The exact filenames depend on the configured commands and output paths. The important rule is that generated artifacts should be treated as reviewable outputs, not as decorative documentation.
Reviewing Feature-File Drift
A feature file change can mean several different things:
- The product behavior intentionally changed.
- The test source was renamed or restructured.
- The analyzer recovered clearer or weaker behavior text.
- Runtime behavior changed and the tests now express a new outcome.
Do not auto-accept every generated change. Review the feature file beside the effect catalog and coverage report. If the behavior changed intentionally, update the catalog and accept the artifact. If it changed accidentally, fix the system or the test.
FAQ
Is this still BDD?
It keeps the readable Given/When/Then artifact, but it does not require feature files to be the primary source of truth.
Do I need Cucumber?
No.

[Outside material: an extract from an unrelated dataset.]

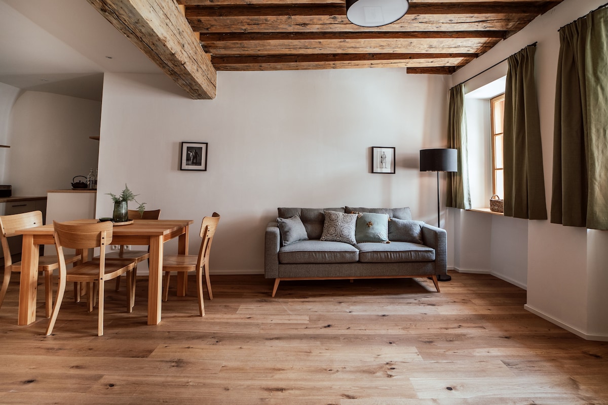 Mali, romantični stan u istorijskoj kući starijoj od 260 godina u podnožju Untersberga. Kroz centralni hodnik, dnevna soba, otvorena kuhinja, kupatilo i mala radna soba sa stolicom za spavanje na izvlačenje su povezani. Kroz dnevnu sobu možete doći do spavaće sobe, koja je opremljena bračnim krevetom. Kamin u dnevnoj sobi obezbeđuje prijatne večeri. Malo prednje dvorište sa trpezarijskim setom vas poziva da se opustite.

Blackbox uses Gherkin as a format and the Cucumber parser for syntax validation. You do not need Cucumber step definitions to use this workflow.
Should I write tests in the BDD DSL?
Use the BDD DSL when you want faithful feature generation and explicit scenario, given, when, then, background, and given.each structure. Plain Playwright can work, but decompilation is best-effort.
Should generated feature files be committed?
Commit them only when your team wants them as durable review artifacts. If they are temporary diagnostics, keep them out of version control.